SpokestackAdapter spokestackAdapter = new SpokestackAdapter() {
        @Override
        public void onEvent(@NotNull SpeechContext.Event event, @NotNull SpeechContext context) {
            Log.d(TAG, "Event: " + event.name());
            if (event.name().equals(SpeechContext.Event.ACTIVATE.name())) {
                for (WakeWordListener listener : listeners) {
                    listener.onWakeWordDetected();
                }
            }
            super.onEvent(event, context);
        }

        @Override
        public void onError(@NotNull Throwable err) {
            Log.d(TAG, "onError:" + err.getMessage());
            super.onError(err);
        }

        @Override
        public void onTrace(@NotNull EventTracer.Level level, @NotNull String message) {
            Log.d(TAG, message);
            super.onTrace(level, message);
        }
    };

public class TFWakeWordEmptyASR implements PipelineProfile {
    @Override
    public SpeechPipeline.Builder apply(SpeechPipeline.Builder builder) {
        List<String> stages = new ArrayList<>();
        stages.add("io.spokestack.spokestack.webrtc.AutomaticGainControl");
        stages.add("io.spokestack.spokestack.webrtc.AcousticNoiseSuppressor");
        stages.add("io.spokestack.spokestack.webrtc.VoiceActivityDetector");
        stages.add("io.spokestack.spokestack.wakeword.WakewordTrigger");
        stages.add(EmptySpeechRecognizer.class.getCanonicalName());

        return builder
                .setInputClass("io.spokestack.spokestack.android.PreASRMicrophoneInput")
                .setProperty("ans-policy", "aggressive")
                .setProperty("vad-mode", "very-aggressive")
                .setProperty("vad-fall-delay", 800)
                .setProperty("wake-threshold", 0.9)
                .setProperty("pre-emphasis", 0.97)
                .setStageClasses(stages);
    }
}

public class EmptySpeechRecognizer implements SpeechProcessor {
    private boolean active = false;

    public EmptySpeechRecognizer(SpeechConfig speechConfig) throws Exception {

    }

    @Override
    public void process(SpeechContext context, ByteBuffer frame) throws Exception {
        if (this.active) {
            context.setActive(false);
        }
        this.active = context.isActive();
    }

    @Override
    public void reset() throws Exception {

    }

    @Override
    public void close() throws Exception {

    }

    boolean isActive() {
        return this.active;
    }
}

Update: I’ve tested it with the Spokestack wake model, and it seems to be working just fine.
Which means that my model might be the problem, but I’ve tested the model on the web platform and I get good accuracy results on it.

Hi @Sandor!

Thanks for the detail you’ve provided here. One other thing that would be helpful is to note the wake word model’s confidence. This would be delivered in a TRACE event containing the text wake: <confidence> and would help us tell whether the model is almost firing, or if it’s not even close. Logging only event.name() in your SpokestackAdapter subclass is masking this info.

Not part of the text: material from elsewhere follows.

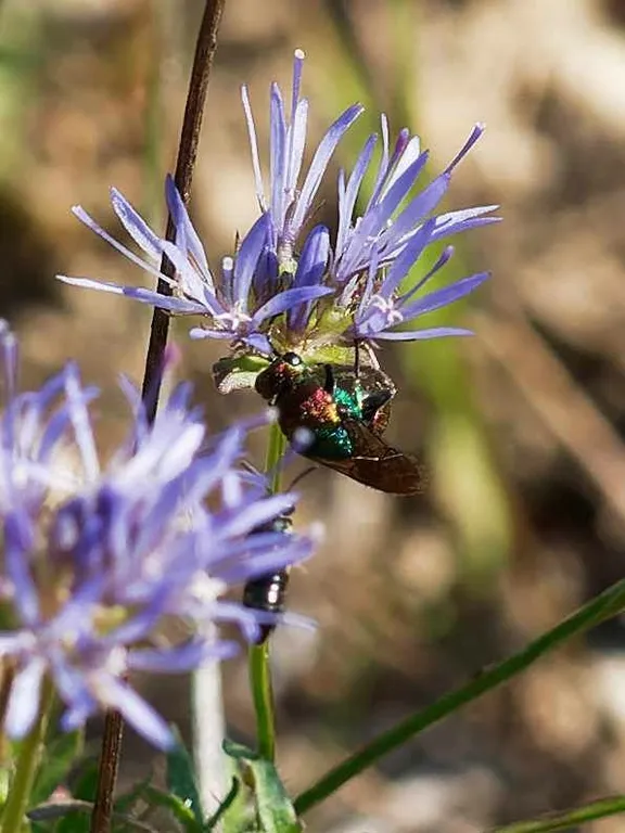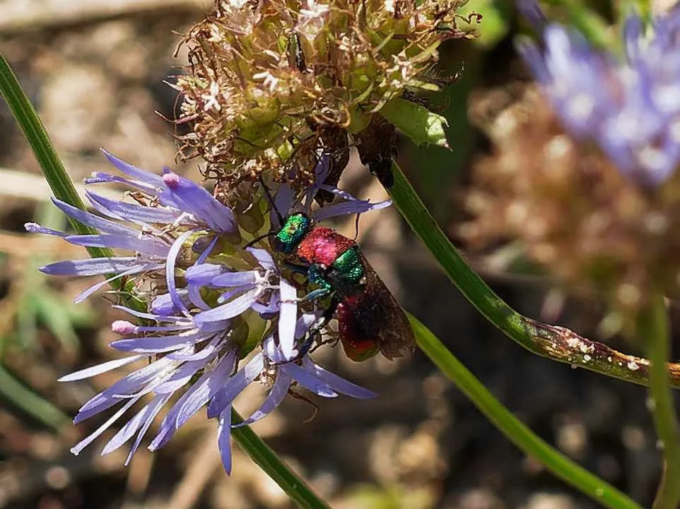 Die Blutbiene sieht in Größe und Färbung nach Sphecodes albilabris aus. Die Goldwespe ist wohl eine Hedychrum, ob rutilans, nobile oder noch eine andere Art, weiß ich nicht. Das schwarze Bienchen mit der gelben Gesichtszeichnung gehört zur Gattung Hylaeus, darauf folgt eine Filzbiene der Gattung Epeolus. Ob das letztgezeigte nicht eher eine Villa (hottentotta?) ist...

The default confidence threshold (the wake-threshold configuration property) of 0.9 might be a little aggressive. If the confidence when you say your wake word is generally below that, but still comfortably above the typical confidence for words that aren’t your wake word, feel free to lower that threshold.

One more note: The other pipeline stages (AutomaticGainControl, AcousticNoiseSuppressor) and the pre-emphasis property were tuned for the Spokestack wake word. If your wake word is working well on the site, you might try removing all additional stages/properties in your Android pipeline profile and adding them back one at a time to see if one of them is throwing off recognition on your phone.

As for background noise being detected as the wake word (what we call a “false positive”), it does happen from time to time with just about any model, including Amazon/Google’s. If it happens very frequently, it might be that your chosen word/phrase is acoustically similar to some other common sounds. Choosing a good wake word can be a bit of an art. It can be good to have one or more sounds that phonologists refer to as “stops”—in English, these tend to show up in consonants like p, b, t, d, k, and g. There are 4 of these in “Spokestack”, 3 in “OK, Google”, and 1 in “Alexa”.

Hope this helps; let us know if you still have trouble after trying it out!
Josh

1 Like

Hello, I’ve solved the problem by simply borrowing some high quality microphone and an interface for that microphone to reduce the background.
It works pretty well now, with 10 samples of my voice, some false alarms, but gathering more data, I hope it will build more accuracy.

Thanks for the update! If your original recording had background noise and was on a laptop mic, that could definitely contribute to a difference in performance between the browser and mobile versions.

While I’m here: we just released version 11.5.0 of the Android library which TFWakewordEmptyASR as a built-in profile, so you can get rid of some custom code here if you’re interested.